И срочно стереть из памяти образ Дарины Громовой!
Глава 6
Дарина
Остатки выходных провожу в больнице. Маму переводят в обычную палату, и уже в понедельник рано утром врач мне заявляет, что можно ее транспортировать в столицу. Остается одна большая проблема: как именно это сделать? Наша медицина оставляет желать лучшего, а санавиация нынче дорого стоит. Но доктор заверяет, что сделает всё возможное, чтобы помочь.
Утром в понедельник плетусь на работу. При виде меня даже мой строгий шеф поднимает обе брови в немом изумлении и произносит строгим тоном:
— Громова, твою мать, ты какого черта тут делаешь? В гроб и то краше кладут. Нахрена на работу приперлась?
— Так, это, — запинаюсь, судорожно пытаясь придумать, что бы ответить максимально вежливо и культурно. — Вы же сами сказали, что дела мне новые передадите.
— Ты когда-нибудь у меня допросишься, — буравит меня грозным взглядом и уже спокойнее спрашивает: — Как мама?
— Лучше, — отвечаю довольно безразлично, так как сил на длительные дискуссии не осталось. — В Москву надо отправлять, я уже договорилась с клиникой. Теперь вот думаю, как это реализовать.
— На сегодня и завтра отгулы даю, иди, разбирайся со своими проблемами, — тарабанит пальцами по столу. — А с транспортировкой, — смотрит пристально на меня. — Решу вопрос, не переживай.
— Спасибо большое, — на глазах появляются слезы.

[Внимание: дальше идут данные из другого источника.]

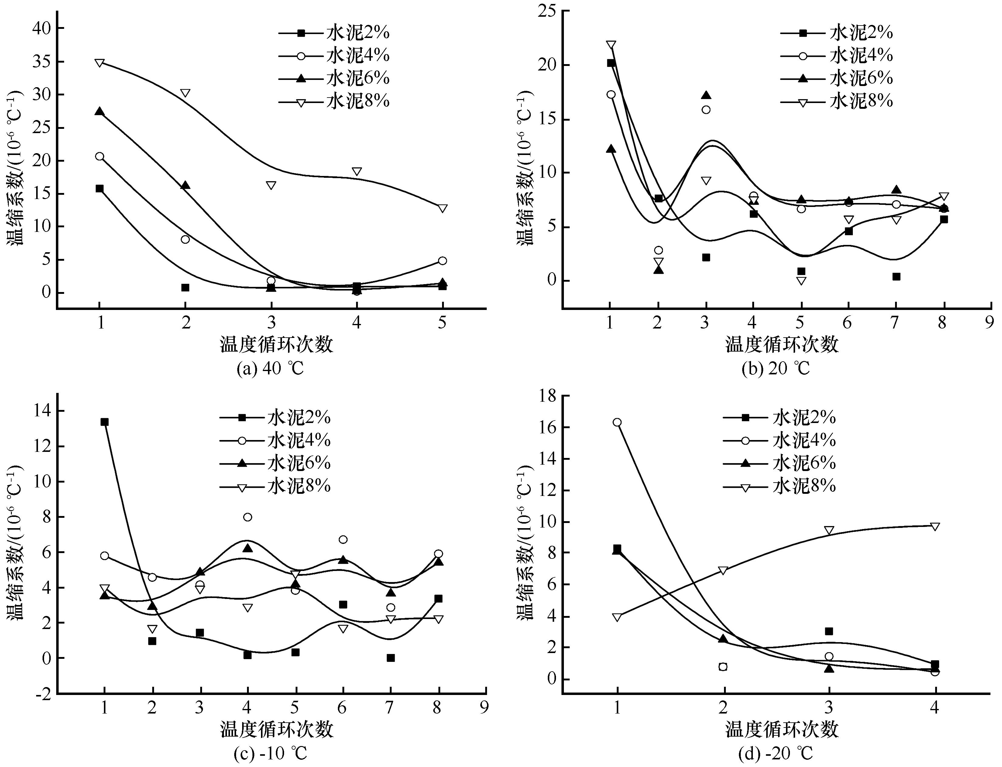 | Fig.11 Temperature shrinkage coefficient of cement modified soil changing with number of temperature cycles for various cement mixing amount at 40 ℃ (a), 20 ℃ (b), -10 ℃ (c) and -20 ℃ (d) |
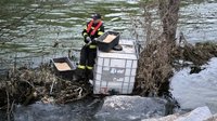 Übungsszenario war ein gebrochener Dieseltank, wo Diesel in die Traun austrat. Ziel war es, rasch Maßnahmen zu setzen, um eine Gewässerverschmutzung zu verhindern.
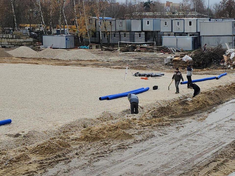 Работы на футбольном поле тоже идут полным ходом. Отсыпка здесь выполнена на 90%. По периметру поля рабочие прокладывают дренажные трубы, чтобы вода не скапливалась на его поверхности. Параллельно идет устройство пешеходных дорожек, рабочие укладывают бордюры.
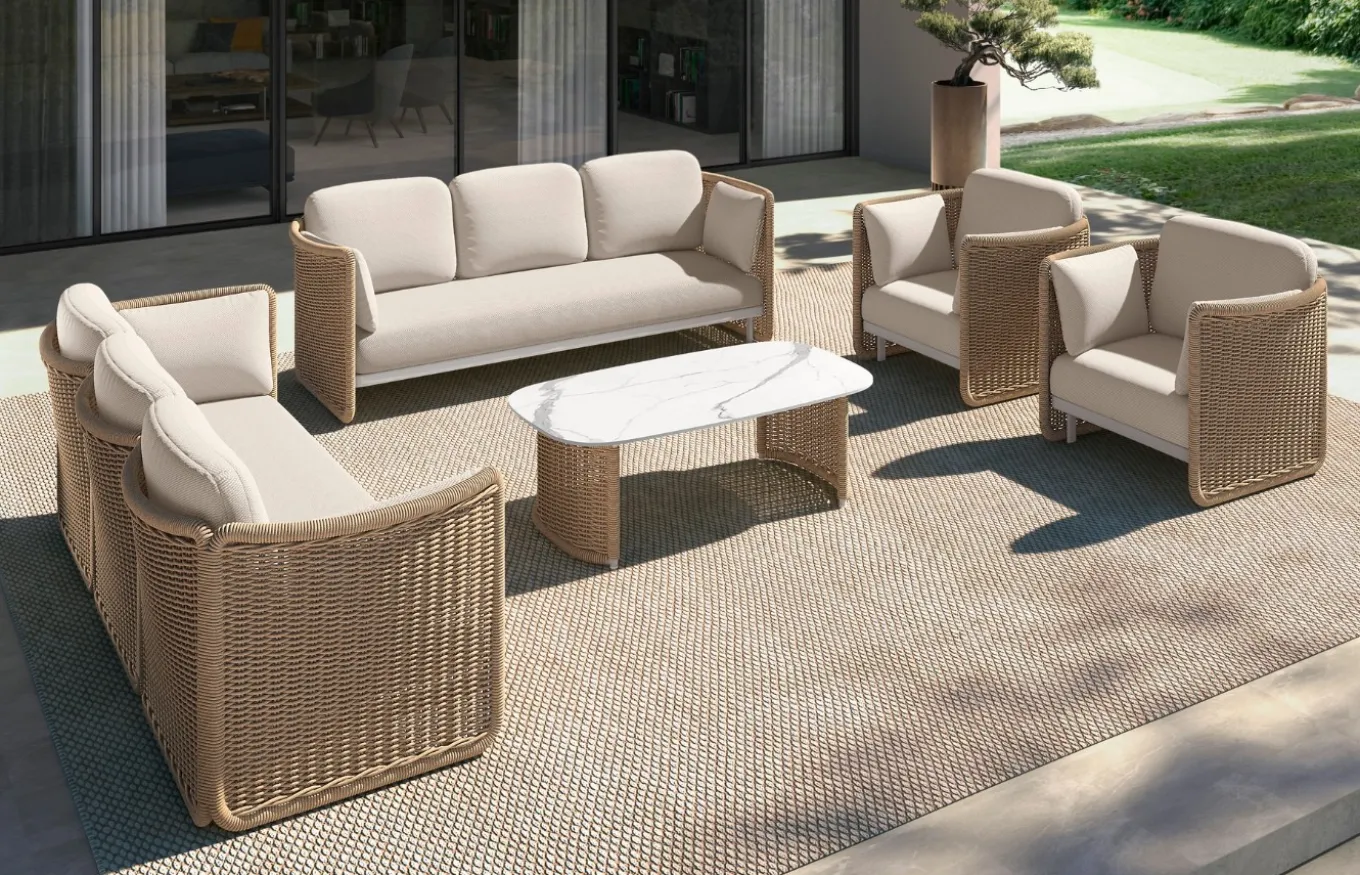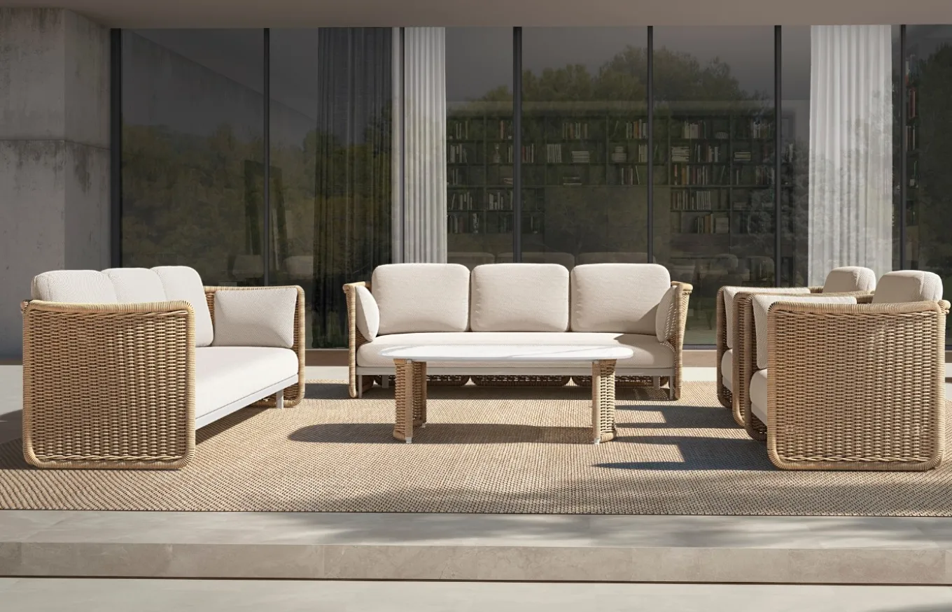 Tiene una estructura interna de aluminio color ivory que le aporta resistencia, mientras que en la parte externa tiene mimbre trenzado de color natural. También cuenta con amplios cojines de asiento y respaldo, disponibles en una gran variedad de tapizados para adaptarse a cualquier espacio.

— Иди уже отсюда, видеть тебя не могу, — кривится прокурор и машет левой рукой в сторону двери. А правая уже тянется к трубке стационарного телефона.

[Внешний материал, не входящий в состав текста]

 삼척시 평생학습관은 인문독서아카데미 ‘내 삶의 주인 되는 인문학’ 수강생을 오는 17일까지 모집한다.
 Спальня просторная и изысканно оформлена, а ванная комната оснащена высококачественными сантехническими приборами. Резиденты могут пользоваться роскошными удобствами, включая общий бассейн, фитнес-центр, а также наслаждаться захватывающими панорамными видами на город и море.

Все-таки мир не без добрых людей, и уже во второй половине дня находится и топливо, и возможность перелета в столицу с моими родителями на борту.
Рано утром во вторник провожаю их, стараясь сдержать слезы, чтобы не расстроить маму, а сама возвращаюсь домой. Прав мой начальник — мне надо отдохнуть и хорошенько выспаться.
Вроде и очень устала, но заснуть не получается. В голову начинают лезть глупые и ненужные мысли о моей никчемной жизни, проблемах и отсутствии перспектив на будущее. А главное — образ Балабанова всплывает в памяти так четко, что я фыркаю в ответ.